Devotion Read online

Page 18


  What did she mean, God told her? Was there some sort of sign?

  “I got on my knees and asked God what to do, and he said that it was all right—it was time, now.”

  I looked at her hard. She was a bright woman, sophisticated, well-traveled. Nobody’s fool. How could she believe God spoke to her? Maybe God did speak to her. Maybe he just didn’t speak to me.

  I remembered a story my aunt Shirley had once told me. A famous Orthodox rabbi, Joseph Soloveitchik, paid his respects to my grandmother during her convalescence after a massive stroke following my grandfather’s death. My grandmother had already lost use of the left side of her body, and had lost most of her ability to speak. But through Shirley, she managed to convey her question to the rabbi. Why, she wanted to know, would God visit such hardship on an ordinary woman? She understood the trials God inflicted on great men like Abraham and Isaac, but why on someone like herself? The rabbi’s answer was this: Mrs. Shapiro, do you realize what you’re asking? You’re asking to have a dialogue with God.

  I didn’t think I wanted a dialogue with God. What I wanted was an awareness of him: the unspeakable beauty, in the words of Thomas Merton, of a heart within the heart of one’s life. I was enormously comforted by the idea of that inner, glowing, invisible heart.

  84.

  Every once in a while, the darkness was too much. It had been quite some time since I had woken up in the middle of the night and into an abyss of terror. But here I was. It was two in the morning, and the monsters had crept their way out of the closet. Every thought led to bleakness and despair. Three in the morning. Then four. I tossed, turned. Got out of bed, went downstairs. Drank a Diet Coke. Came back upstairs. Turned on my computer. Read Internet headlines, went on Facebook. Scanned through the status updates of perfect strangers. Went back to bed. I couldn’t soothe myself. I wanted to be a person who would make a comforting cup of tea, curl up in an easy chair with a soft blanket, read something helpful. Perhaps listen to some Chopin nocturnes. Ride out the storm. But if that person had been accessible to me, I wouldn’t have been in the state I was in to begin with.

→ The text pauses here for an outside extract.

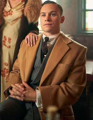 Mens Costume Michael Gray Vested Grey Pinstripe Suit & Camel Overcoat

  What had set it off? It was a random Sunday night—nothing special. In fact, we’d had a good, busy weekend: a sleepover for Jacob, some errands, an early dinner with friends. Michael had finished a screenplay he’d been working on for months. We’d all tucked in early. Now, my mind had become a flip book of the most painful, devastating thoughts and images. They went something like this:

  Michael clutching his arm, collapsing.

  Me in a doctor’s office—the prognosis dire.

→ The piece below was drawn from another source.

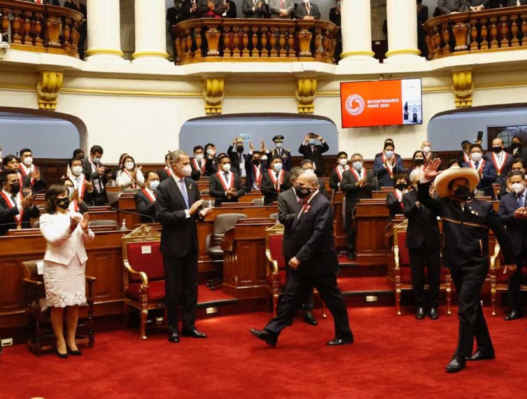 Comme le veut la tradition diplomatique, le roi d’Espagne assiste à l’investiture des nouveaux présidents…
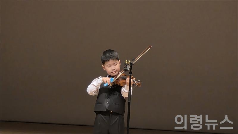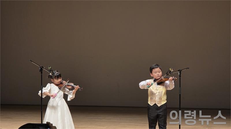 (사)한국예술총연합회 의령지회, 출범식 식전공연 칠곡초등학교1년생 김민준,심예준,윤윤하 학생./사진=주소은 기자

  The two of us in a car, a truck speeding toward us in the wrong lane.

  Our wills—we hadn’t redone our wills.

  Money was tight. We always gambled a bit on our future.

  What if Michael couldn’t sell his next screenplay?

  Our house—we could lose the house.

  The phone ringing. The school. A freak accident.

  Or an allergic reaction. Or—

  The what-ifs continued. I thought about waking Michael. I could hear him snoring in the other room. But I didn’t want to ruin his night too. I tried the metta phrases: May I be safe. May I be happy. But the simple words, which I usually found centering, were slippery. I couldn’t hold on to them. I felt as if I were scrambling up a muddy incline. There was nothing to grasp. Just handfuls of dirt. May I be strong. Live with ease.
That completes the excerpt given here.